Note on the material below: return exactly the lines from the line that holds "Osmanlıca Müntehabât-ı Evliyâ" through the line that holds "美刻會展作為高博會特裝指定搭", and leave out each picture.

:: Exercise data ::
━━━

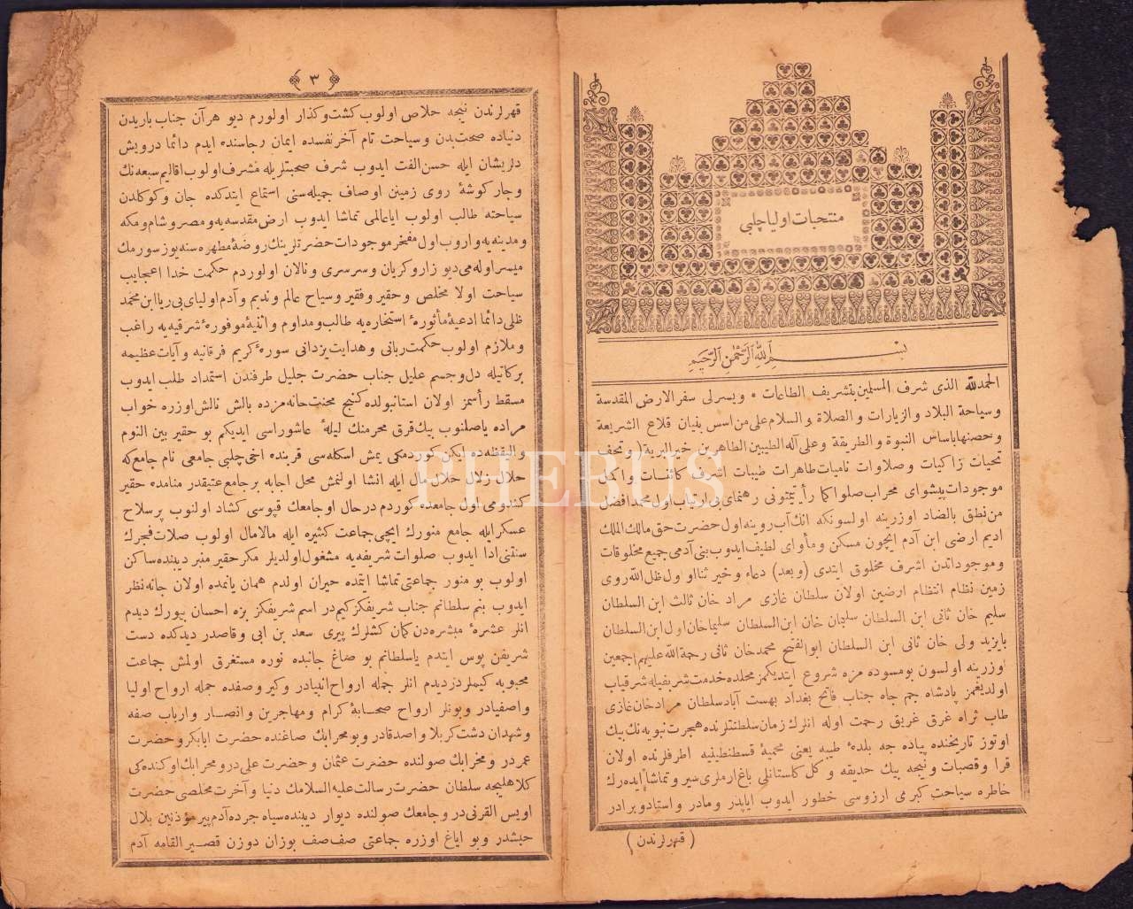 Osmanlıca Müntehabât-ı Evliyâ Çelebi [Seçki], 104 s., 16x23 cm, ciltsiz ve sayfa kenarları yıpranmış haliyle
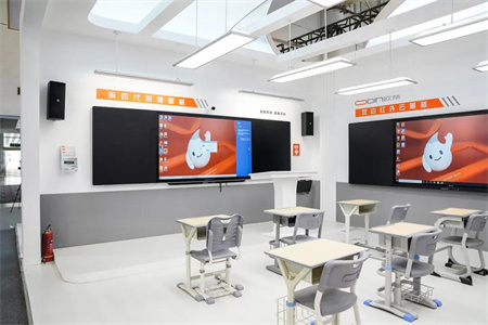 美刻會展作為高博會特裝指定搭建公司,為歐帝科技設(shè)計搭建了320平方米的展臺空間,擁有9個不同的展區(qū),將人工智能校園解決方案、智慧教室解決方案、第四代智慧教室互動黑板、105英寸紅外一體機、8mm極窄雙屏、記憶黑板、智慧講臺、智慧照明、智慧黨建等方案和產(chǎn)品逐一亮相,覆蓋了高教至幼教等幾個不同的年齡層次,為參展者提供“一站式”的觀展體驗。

━━━

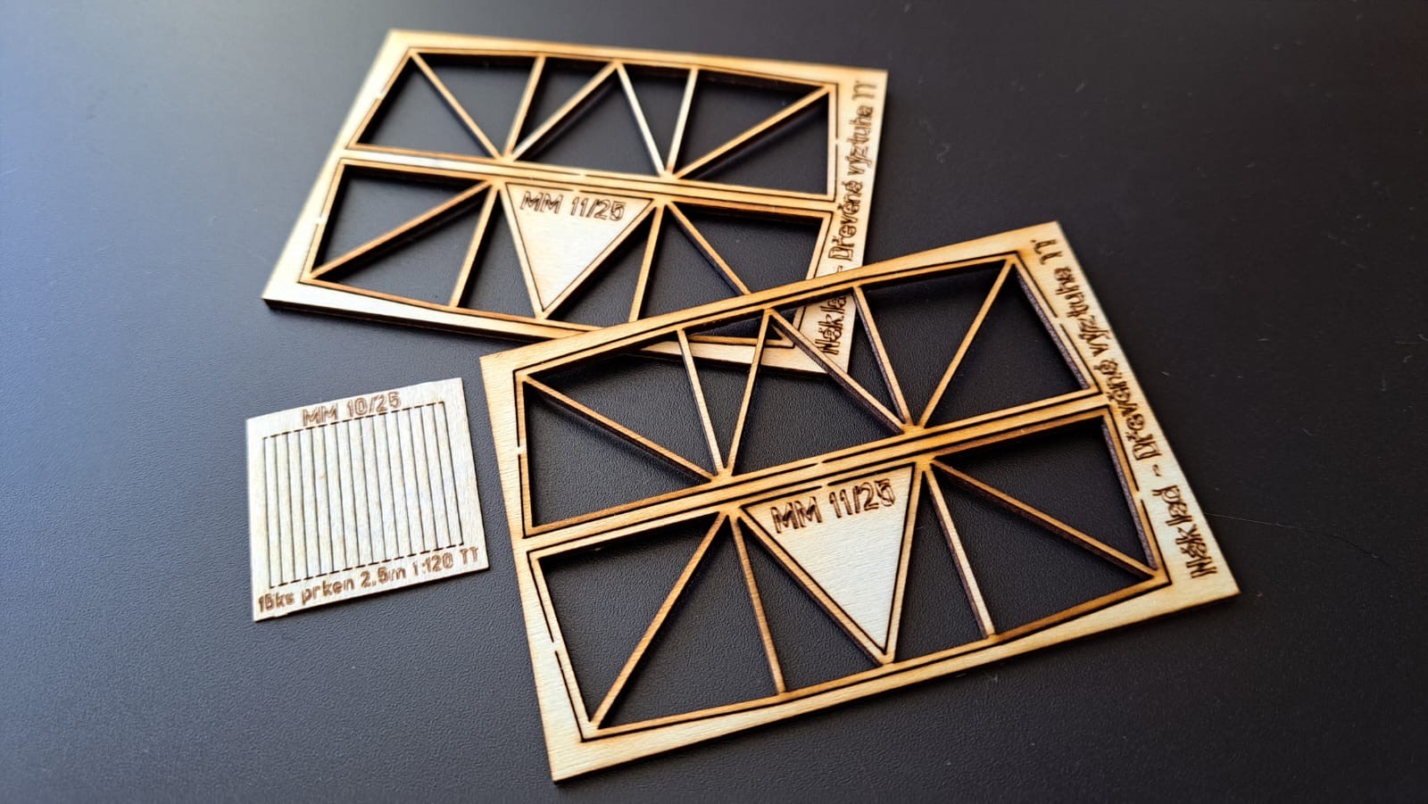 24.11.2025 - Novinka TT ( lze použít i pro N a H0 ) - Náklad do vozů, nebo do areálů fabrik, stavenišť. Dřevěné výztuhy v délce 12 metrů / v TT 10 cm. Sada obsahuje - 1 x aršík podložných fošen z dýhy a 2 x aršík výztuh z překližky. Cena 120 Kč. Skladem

━━━

:: Task solution ::
 Osmanlıca Müntehabât-ı Evliyâ Çelebi [Seçki], 104 s., 16x23 cm, ciltsiz ve sayfa kenarları yıpranmış haliyle
 美刻會展作為高博會特裝指定搭建公司,為歐帝科技設(shè)計搭建了320平方米的展臺空間,擁有9個不同的展區(qū),將人工智能校園解決方案、智慧教室解決方案、第四代智慧教室互動黑板、105英寸紅外一體機、8mm極窄雙屏、記憶黑板、智慧講臺、智慧照明、智慧黨建等方案和產(chǎn)品逐一亮相,覆蓋了高教至幼教等幾個不同的年齡層次,為參展者提供“一站式”的觀展體驗。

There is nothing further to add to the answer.